> [Available data]:
========================================================================

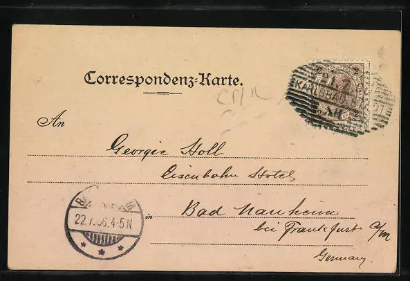 Personenbezogene Daten auf der Rückseite der Karte wurden durch blauen Textmarker unkenntlich gemacht. Die blauen Stellen sind auf die Vorderseite durchgeweicht und wirken sich negativ auf das Postkartenfoto aus
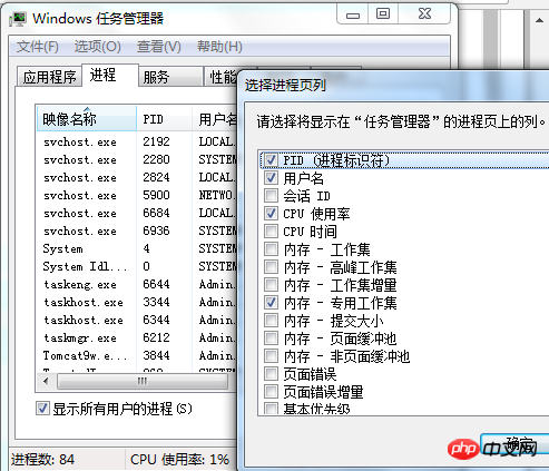 3.打開Windows任務(wù)管理器,點(diǎn)擊查看,點(diǎn)擊選擇列,勾起PID選項(xiàng),如下圖所示:
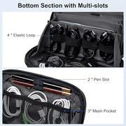 - [Multi-pocket & Multi-slot]The kit bag is divided into three sections, the top and middle sections and the bottom section. Multiple sections make it easier to plan and use. The top part has 3 slots and 3 pockets. The middle section has 2 small pockets for storing a 6.8inch cell phone and (L-16cm*W-4cm*-H-8cm) power bank. Bottom section with 2 pen slots and 4 slots and 2 mesh pockets.Exterior front zippered pocket for storing frequently used small items.
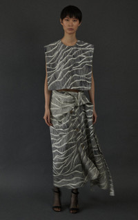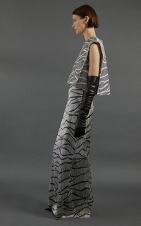 PRODUCT DETAILS - Boxy fit, sleeveless, crew neck - Zipper fastening - Lined - Composition: 100% Silk - Color: black/white - Dry clean only - Fall '25

========================================================================

> [Task instructions]: The answer is to be the lines of the listing from the first through the one with "3.打開Windows任務(wù)管理器", reproduced exactly, without any pictures.

> [Solution for this problem]:
 Personenbezogene Daten auf der Rückseite der Karte wurden durch blauen Textmarker unkenntlich gemacht. Die blauen Stellen sind auf die Vorderseite durchgeweicht und wirken sich negativ auf das Postkartenfoto aus
 3.打開Windows任務(wù)管理器,點(diǎn)擊查看,點(diǎn)擊選擇列,勾起PID選項(xiàng),如下圖所示:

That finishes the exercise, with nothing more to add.